Jetting is generally faster than drilling and cementing and results in good structural integrity in normally consolidated clay-based sediments - once the surrounding subsurface has had time to reconsolidate. It is this reconsolidation that presents the main risk with jetting. Careful control and monitoring of the jetting operation are important to avoid excessive disturbance of the subsurface, especially if shallow geohazards or weak structures are encountered, or if the conductor becomes temporarily stuck. Furthermore, the reduced ability of the subsurface to reconsolidate as you go deeper typically limits the conductor's depth of penetration to about 262 ft (80 m).
Given the nature of the deepwater sediments, driving conductors to depth seems to offer a reasonable way forward. To date, however, the technique has not been widely adopted. The principal hurdle has been the availability of a hammer that can be deployed at the seabed in deep water which, crucially, depends on moving away from traditional designs that rely on hydraulic operation.
Hammer
A subsidiary of the company has devoted considerable research and development to this area and has developed a hammer that employs a gas-lift mechanism to create the driving force and that has a compact, built-in electric power supply.
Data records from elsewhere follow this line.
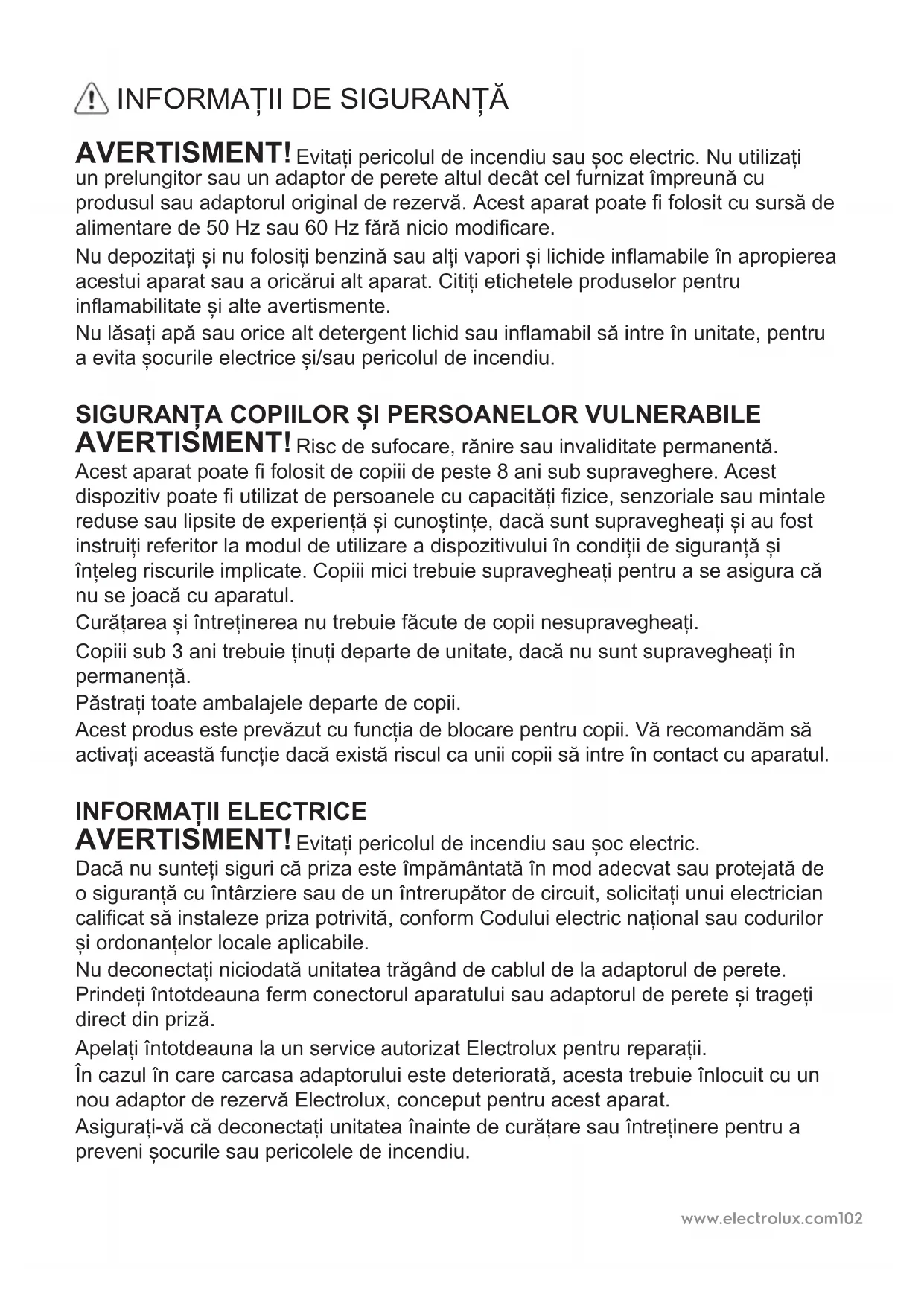 AVERTISMENT! Evitați pericolul de incendiu sau șoc electric. Dacă nu sunteți siguri că priza este împământată în mod adecvat sau protejată de o siguranță cu întârziere sau de un întrerupător de circuit, solicitați unui electrician calicat să instaleze priza potrivită, conform Codului electric național sau codurilor și ordonanțelor locale aplicabile. Nu deconectați niciodată unitatea trăgând de cablul de la adaptorul de perete. Prindeți întotdeauna ferm conectorul aparatului sau adaptorul de perete și trageți direct din priză. Apelați întotdeauna la un service autorizat Electrolux pentru reparații. În cazul în care carcasa adaptorului este deteriorată, acesta trebuie înlocuit cu un nou adaptor de rezervă Electrolux, conceput pentru acest aparat. Asigurați-vă că deconectați unitatea înainte de curățare sau întreținere pentru a preveni șocurile sau pericolele de incendiu.www.electrolux.com 103
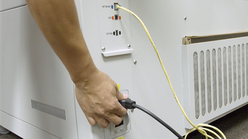 Shut off the laser and remove the power cord from the machine.
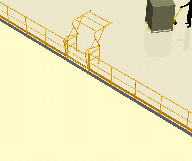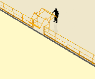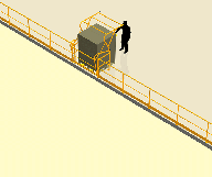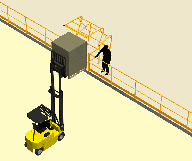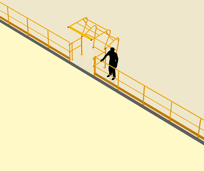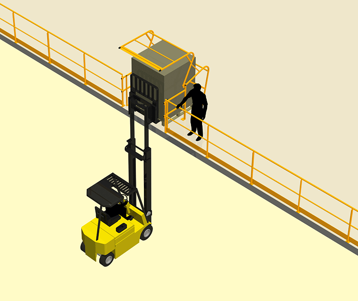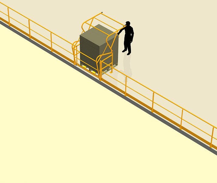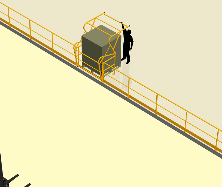 L'opérateur replie le garde-corps arrière, basculant le garde-corps devant le vide.
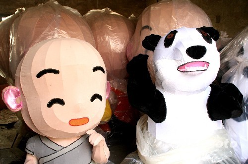 当天装箱启程的花灯为二十九盏沙弥灯和三盏大熊猫灯。其中卡通版的沙弥灯造型千姿百态,沙弥或立、或坐、或卧、或躺,有的攥佛珠,有的肩挑水桶,一招一式栩栩如生。尤其夺人眼球的是采用透光处理技术制作的小沙弥一米高“娃娃大头”,凸显俏皮活泼形象。
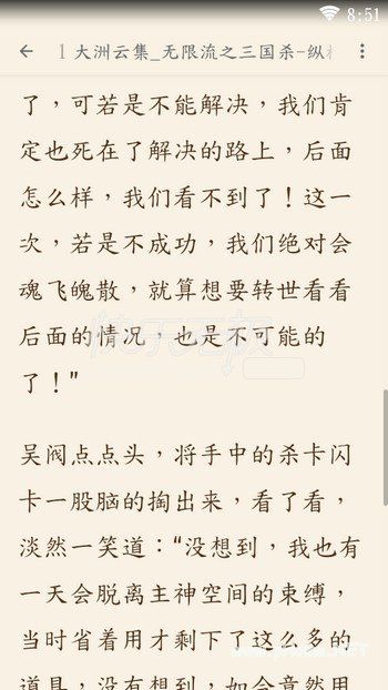 吴阀还没有反映过来,就发现自己所在的地方转眼变换了,从电话亭来到了一个草原,吴阀茫然了半晌,却还保持着拿电话的姿势。一分钟之后吴阀猛然醒悟,自己遇到不可思议的事情了。吴阀心中想了想耳边想起的那个女性的冷酷声音,这是三国杀的1V1教程场?三国杀吴阀不是没有玩过。这个游戏在近年风靡大陆,估计不少人都玩过,一直以冷静著称的吴阀也玩过,特别是1V1,除非是不可抗力,就比如黄盖数次苦肉,拿了超过5张杀,一张连弩,而自己手上却没有闪和桃之外,几百场单挑下来,吴阀的胜率一直保持在90%以上。

This hammer has already been used for a range of deepwater pile-driving projects. Good examples are a series of 96-in. mooring piles driven in 2,625 ft (800 m) of water for the Genesis spar platform, and several 84-in. mooring piles driven for the Magnolia tension-leg platform in 4,659 ft (1,420 m) of water, both in the Gulf of Mexico. These projects used a 500-kJ hammer to drive the piles more than 328 ft (100 m) into the seabed.
So far, the subsidiary has carried out two driven conductor projects in deep water, a 36-in. conductor in the Ursa field in 3,937 ft (1,200 m) of water in the Gulf of Mexico and a 30-in. conductor in the West Seno field in 3,363 ft (1,025 m) of water offshore Kalimantan, Indonesia. The penetrations obtained were about 98 ft to 131 ft (30 m to 40 m) using a 200-kJ hammer to top-drive the pipe in one complete section. Concerns about possible buckling of conductors under these installation conditions have limited this type of application, but technical work continues.
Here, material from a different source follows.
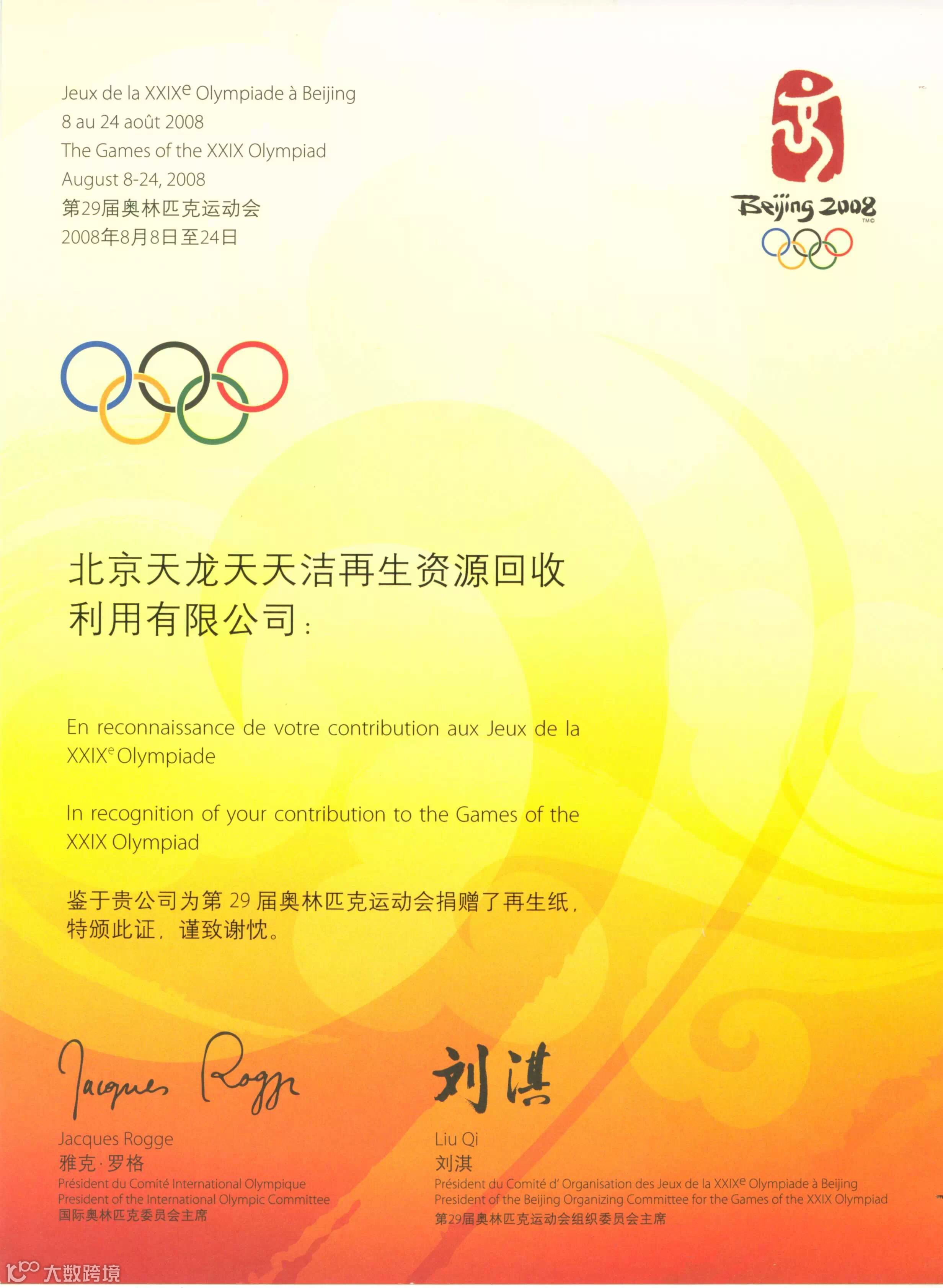 6. 2008年7月奥运会采用“天天洁”牌再生复印纸,成为奥运会唯一使用再生纸产品。

The goal is to develop a system of driving conductors from a low-cost vessel to about 820 ft (250 m), a typical casing depth in water deeper than 6,562 ft (2,000 m). In addition to further developing its existing underwater hammer, engineers are investigating toe-driving (as opposed to top-driving) the pipes and the use of friction-reducing coatings to bring down the force needed to drive the conductors through the subsurface.
Challenges
And these are not the only issues to be resolved. Ways of dealing with sand layers, which are extremely difficult to penetrate, are also being examined. Pipe handling also needs to be addressed - whether to use single lengths of pipe, when the potential for buckling is high, or to install the conductor in sections, when the main challenge is making the pipe connections at the seabed.
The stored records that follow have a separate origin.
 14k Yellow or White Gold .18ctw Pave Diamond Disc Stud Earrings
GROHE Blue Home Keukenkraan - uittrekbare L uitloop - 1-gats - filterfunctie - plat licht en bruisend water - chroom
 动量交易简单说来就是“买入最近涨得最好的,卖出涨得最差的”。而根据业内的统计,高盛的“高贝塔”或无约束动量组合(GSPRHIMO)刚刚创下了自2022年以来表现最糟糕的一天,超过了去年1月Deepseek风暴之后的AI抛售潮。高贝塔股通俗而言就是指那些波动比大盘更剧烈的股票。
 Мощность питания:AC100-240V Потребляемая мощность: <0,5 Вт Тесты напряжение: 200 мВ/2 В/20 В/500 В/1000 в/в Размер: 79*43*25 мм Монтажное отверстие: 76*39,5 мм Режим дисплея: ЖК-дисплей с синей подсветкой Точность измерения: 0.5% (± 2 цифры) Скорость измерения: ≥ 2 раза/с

The challenges to be overcome in driving conductors should not be underestimated, but neither should the advantages of being able to drive conductors to substantial penetrations in deep water. Speed, fewer problems from shallow geohazards, the elimination of cuttings on the seabed, the high structural integrity that gives greater opportunity to optimize casing strings, and the possibility of working from a low-cost vessel all make the technique worthy of attention.
At the start of this article it was argued that the conductor was possibly the most influential item of equipment in an oil- or gas-field development. Everyone will have his or her own view on this, but ensuring a strong foundation for high-performance wells will undoubtedly continue to provide challenges for operators as well as potential opportunities for the more creative companies in the service sector.